Re: Looking for a way to iterate over images in a PDF

Posted by David Patterson <pa...@gmail.com>.

Tilman,

The ExtractImages sample code is a 1.8 artifact (I believe). It has a lot
of errors when compiled with 2.0.5 libraries.

1) two imports are no longer in the 2.0.5 library
import org.apache.pdfbox.pdmodel.graphics.xobject.PDXObjectForm;
import org.apache.pdfbox.pdmodel.graphics.xobject.PDXObjectImage;

2) missing methods or methods with different signatures:
PDDocument.loadNonSeq(                                            ** method
not define
PDDocument.load(                                                       **
load now requires a File, not a String
document.openProtection (
document.getDocumentCatalog().getAllPages()              ** getAllPages is
missing from the PDDocumentCatalog
resources.getXObjects()                                               **
where resources is a PDResources object
if (xobject instanceof PDXObjectImage)                         **
PDXObjectImage is not defined
else if (xobject instanceof PDXObjectForm)                   ** same with
PDXObjectForm

Maybe a new ExtractImages2 program needs to be developed for the PDFBox 2
era.

Dave Patterson




On Thu, Apr 6, 2017 at 5:02 PM, Tilman Hausherr <TH...@t-online.de>
wrote:

> Am 06.04.2017 um 21:22 schrieb David Patterson:
>
>> I've got some PDF's to try to read.

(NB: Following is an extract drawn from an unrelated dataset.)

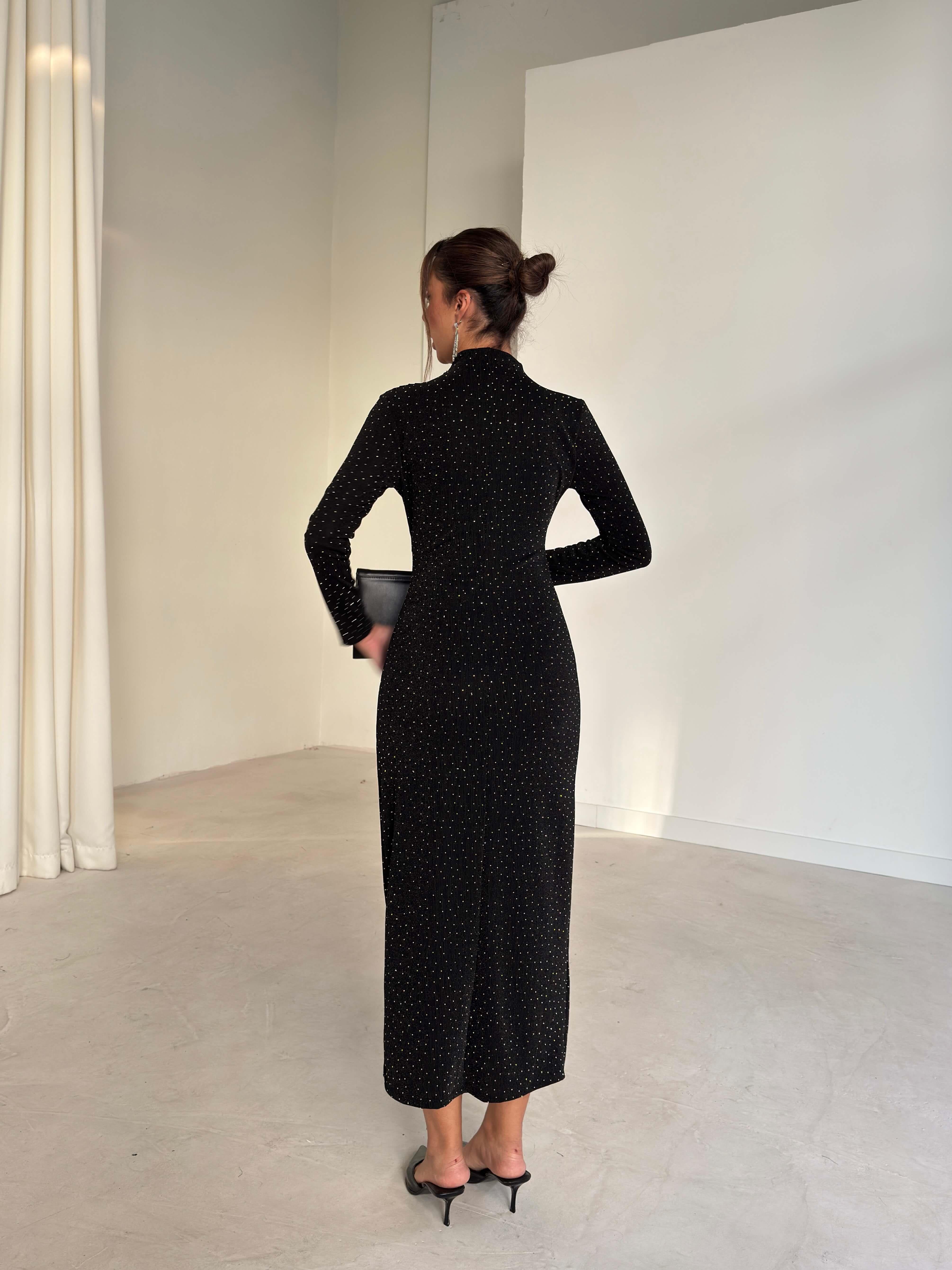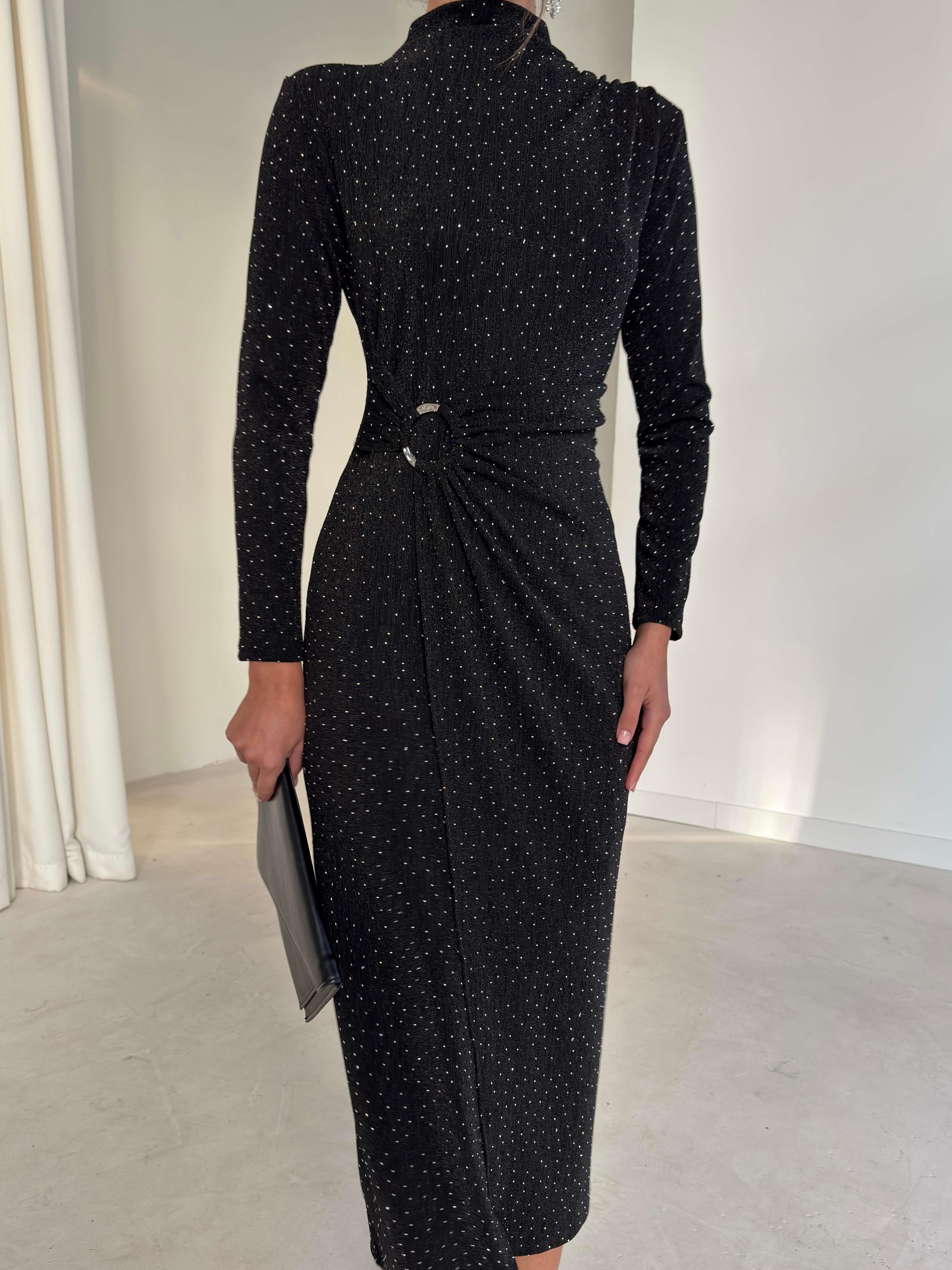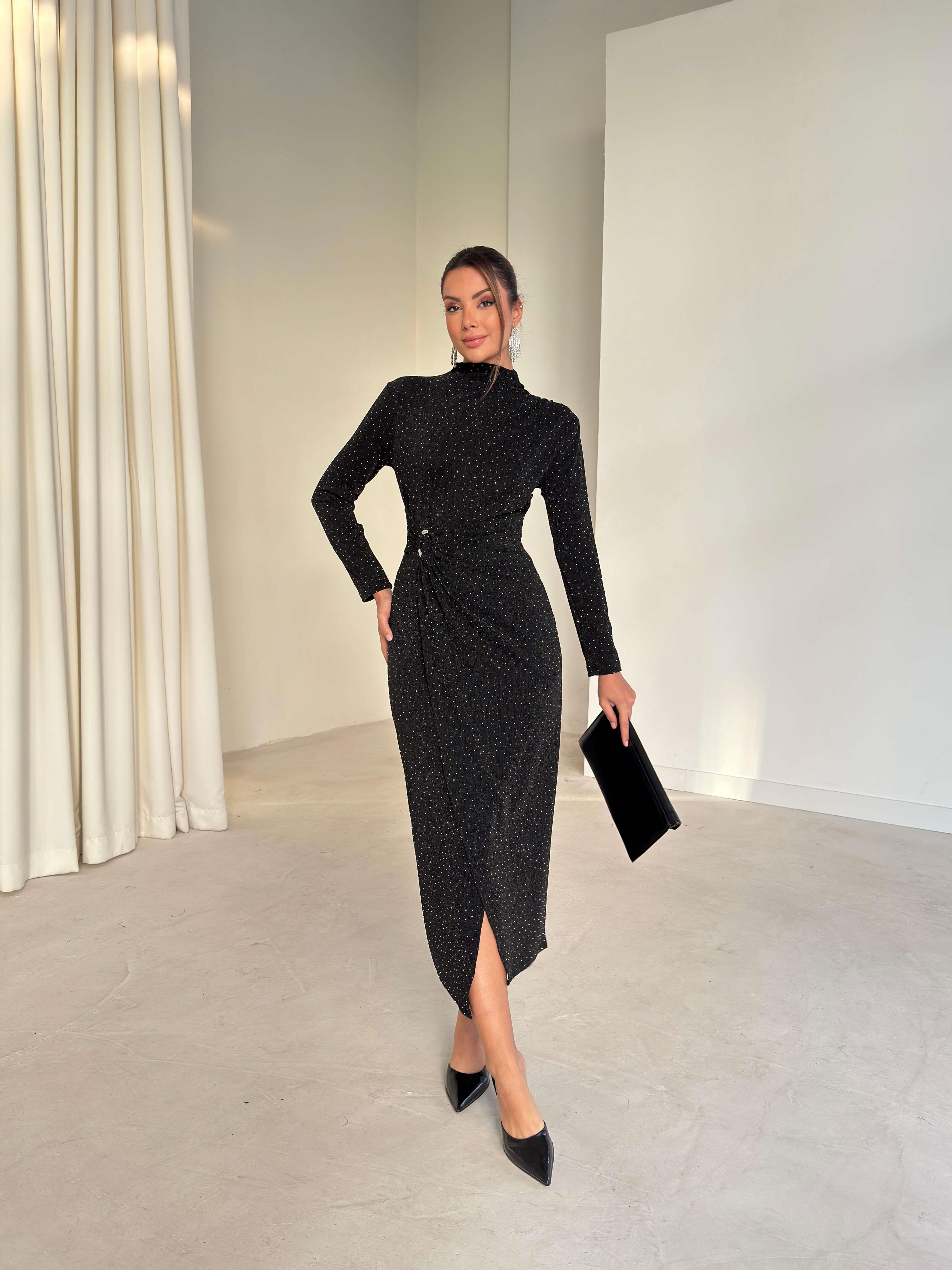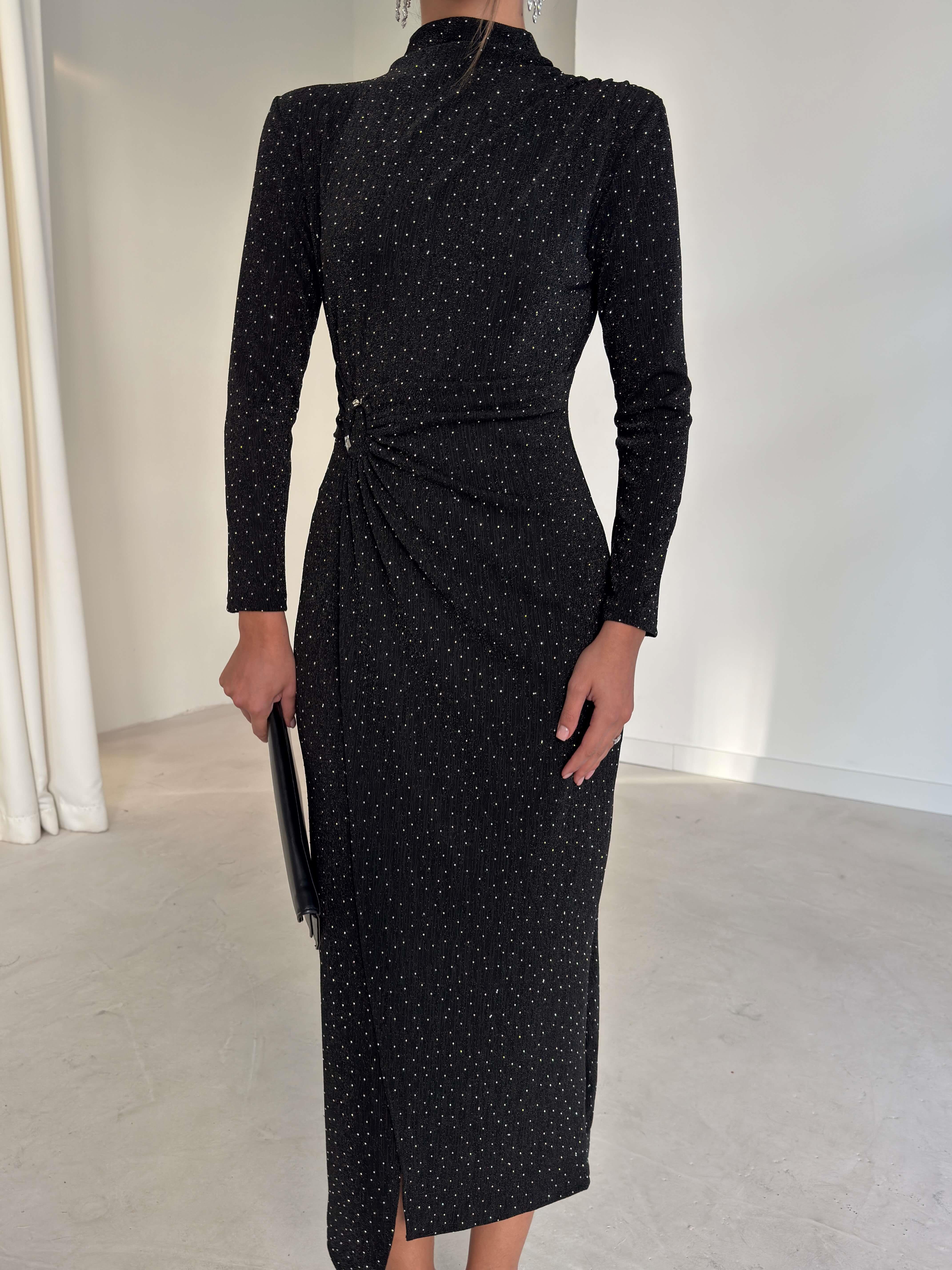 Aksesuarlı Parlak Kruvaze Kesim Drape Detaylı Jasper Siyah Kadın Elbise 26K280 (26K280)

Many of them have images in them. I'd
>> like to be able to iterate over the images and determine their encoding
>> (png vs. jpeg vs. ?) and size.
>>
>> I've found a sample that lets me iterate over the PDXObject entities, but
>> I'm missing a key piece to determine the size and format of the objects.
>>
>> a) Is a PDXObject always an image, or could it be something else?
>>
>
> Yes it could be a form. That's why all examples (e.g. ExtractImages.java)
> always check the type, and the cast to the image xobject type. That one
> will give the size and the filters.
>
> Tilman
>
>
>> Here is the code I've got so far.
>>
>> for ( PDPage aPage : pdfDocument.getPages() ) {
>> PDResources pdResources = aPage.getResources();
>> for ( COSName cosObject : pdResources.getXObjectNames() ) {
>> PDXObject xObj = pdResources.getXObject( cosObject);
>> System.out.println( "got an image maybe" );
>>
>> This is where I've gotten stumped. I've looked at lots of lists of
>> COS-whatever things, but it has not led me to "the answer."
>>
>> Thanks for any guidance you can provide.
>>
>> Dave Patterson
>>
>>
>
> ---------------------------------------------------------------------
> To unsubscribe, e-mail: users-unsubscribe@pdfbox.apache.org
> For additional commands, e-mail: users-help@pdfbox.apache.org
>
>

Re: Looking for a way to iterate over images in a PDF

Posted by Tilman Hausherr <TH...@t-online.de>.

Am 06.04.2017 um 21:22 schrieb David Patterson:
> I've got some PDF's to try to read. Many of them have images in them. I'd
> like to be able to iterate over the images and determine their encoding
> (png vs. jpeg vs. ?) and size.
>
> I've found a sample that lets me iterate over the PDXObject entities, but
> I'm missing a key piece to determine the size and format of the objects.
>
> a) Is a PDXObject always an image, or could it be something else?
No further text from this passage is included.